Светлый фон

– Что же вы делали в Каракуле?

– Как вам сказать?.. Я туда так пошел, без надобности… На Арале был, оттуда недалече… Поклонился могилке Николая Михайловича, да и ушел.

– Вы знали его, что ли?

– Пржевальского-то? Знал малость. В Питере, когда он собирался в последнюю экспедицию, я просился к нему… Не взял. Богатырь был мужчина, большого характера господин… Не взял он меня больше потому, что я к вину привержен: так не пью, а по временам на меня запой находит… бесчувственно пью, ни к какому делу тогда не пригоден. А то сам говорил: «Кабы не твоя слабость, я, Сергей Иванович, с тобой и расстался бы, – ишь у тебя лапы какие: медведя задушишь, да и ходок». Точно что в экспедиции я ему пользу мог оказать. А странствие, господин, я возлюбил сызмалу. Я из мещан. Тятенька мой и посейчас имеет питейный под Подольском. Так я мальчишкой – щенком белогубым – убегу, бывало, на ближнее село, Дубровинцами называется. Место чудеснейшее: гора, река Пахра, лес столетний; лягу на обрыве, да так и лежу весь день, смотрю, как кругом прекрасно, и такая-то мне тоска: в даль меня так и тянет, так и тянет! Не мало меня тятенька порол, а охоты не выбил… Я что вам, господин, скажу! – засмеялся Сергей Иванович, – я от невесты убег!

– Как так?

– Очень просто. Сговорили меня с девушкой, хотя крестьянскою, но хорошего двора, с зажитком. И я ей полюбился, и она мне тоже ничего показалась. После Петровок собирались свадьбу играть. Только на неделе пред Петровым днем и зайди к ним странник – пробирался от Соловецких угодников к Киевским чудотворцам… Как порассказал он мне про свою путину – батюшки! что со мной сделалось! Лег спать… не могу: пред глазами золотые маковки, река большая, синяя… Жив быть не хочу, – хочу Киев видеть! Что ж бы вы думали, господин? До утра я проворочался с боку на бок, глаза не сомкнул, а как свет показался, я с этим самым странником взял да и ушел, никому не сказавшись… С тех пор и началось мое бродяжничество. Из Киева-то меня домой этапным порядком… беспаспортного. Батька со стены вожжи снял, учил-учил, инда со спины вся шкура слезла… Спрашиваю: «А что моя Варька?» – «Как же, – говорит, – станет она тебя, беспутного, дожидаться! за лавочника пошла». Что же! не судьба, значит, – давай ей Бог счастья!
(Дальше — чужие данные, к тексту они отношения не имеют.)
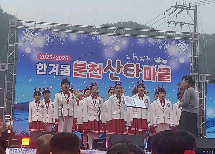 [메이저뉴스]봉화군 소천면 분천산타마을에서 지난 20일(토) 개최된 ‘2025 한겨울 분천산타마을 개장식’ 이 지역주민과 관광객들의 열띤 호응 속에 성황리에 열렸다. 이번 개장 축하공연에는 봉화교육지원청이 운영하는 봉꽃송이 청소년 합창단이 참여하여 한겨울 추위를 녹이는 따뜻한 무대를 선사했다.

– А немало, надо полагать, вы видали на своем веку?

– Привел-таки Господь. Здесь, на Кавказе, я всякую тропку знаю. По всем аулам у меня приятели. Еще здесь не так, а вот как Гудаур[90] перемахну, пойду Хевским ущельем, в Гудашаури заверну, на Сионе[91] остановлюсь, – там меня Боже мой как любят! Чудной народ! бедны – аж смотреть жалко, земля, кроме ячменя, ничего не родит, лета нет, за дровами в Капкой[92] за шестьдесят верст с одной арбой ездят… Это вы рассудите только, господин: шестьдесят верст – день, назад – другой, скотина мореная, у самого брюхо от голодухи подтянуло, потому, кроме чурека, он другой пищи по неделям не видит, а дровишек привезет охапку, на четыре топки, больше не осилить карманом за один покуп. Скудный народ! А добрый! – придешь к какому из ихнего брата, – рад: чурек положит, мацони[93] поставит, вина раздобудет, пожалуй, и барана заколет… душу заложит, а угостит!.. Я, как в Сионе к Михо – охотник, кунак мой – заверну, так и говорю: «Уговор, Михо, – вино твое, баран мой…» Что их разорять! помилуйте!.. Довольно их беки душат: жирные черти, из духана не выходят…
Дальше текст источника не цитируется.